Dear Jess,
Do you love me?
Do you want to see me sometime soon?
Do you still consider me your girlfriend?
To you they were my issues and my neediness, what you never had time for and as you say, always pissed you off. To me they were questions you didn't have the balls to answer. I could feel you slipping away a long time ago, and I even knew there was someone else. I'm not an idiot.
My friends have been listening to my trauma since "the beginning of the end", and I finally know what they meant in telling me over and over that when the time came, I would know what to do. So when I sarcastically asked you if you'd gotten me anything for Valentine's day and your answer was, in all seriousness, "What the hell for?", I knew I'd had enough.
I suggested we be friends.You said we might as well be penpals now since WE have been drifting apart for a long time. Don't you dare pin that on me. I was always willing to try, and should never have to convince someone they love me. I'm better than that.
And then the insults began. You never needed me. You put up with so much of my shit. I was lousy in bed. I was so unattractive that jerking off gave you more pleasure. I'm so fat I cut off the blood circulation in your legs while you slept. I'll lose weight and then blow up again when I get a new boyfriend. After all, that's my "way."
I'm really sure you never needed me, especially when I was paying the rent. Funny, I never saw you over exert yourself to get a job. Yeah I fell apart and cried a lot, I'll admit that. Mostly after you started yelling your head off for no good reason.

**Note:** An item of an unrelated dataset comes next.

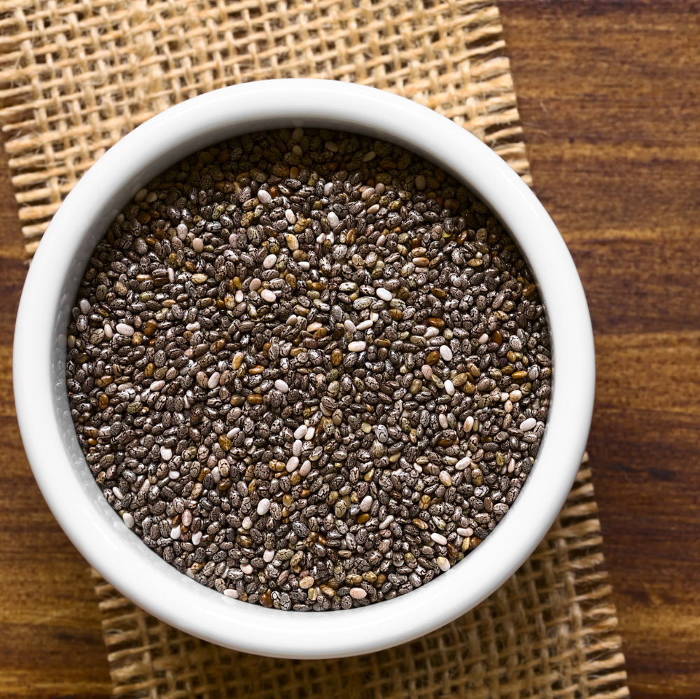 Chia seeds are tiny black seeds from the salvia hispanica plant. They’re an excellent source of omega-3 fatty acids, fibre, iron, and calcium. Head to our Seed Story page for more info.

Lousy in bed, tsk tsk. Not once did you lack for climax, while I cap off my orgasms, after five years of sleeping with you, at a baker's dozen. And that's being generous. I always found you sexy, especially those many times you were sitting at your computer, shirt off, plumber's butt, knotty hair greasy and stinking from not showering in three days, all four spare tires spilling out over your waistline while you sucked on your bong.
What a turn on.
I'm so fat I cut off the circulation in your legs? News flash bastard, a slice of bread resting on your shin could cut off circulation. That's what you get for having calves thinner than my wrists. I'd look into implants.
As for blowing up again when I get a new man, I don't think so, darling. See, he won't be you.
The prize of it all though, the crowning glory and icing on the cake was when you hinted you'd be "willing" to fuck me when I lost weight. Here's a movie quote pretty much summarizing my feelings on that: I don't fuck losers.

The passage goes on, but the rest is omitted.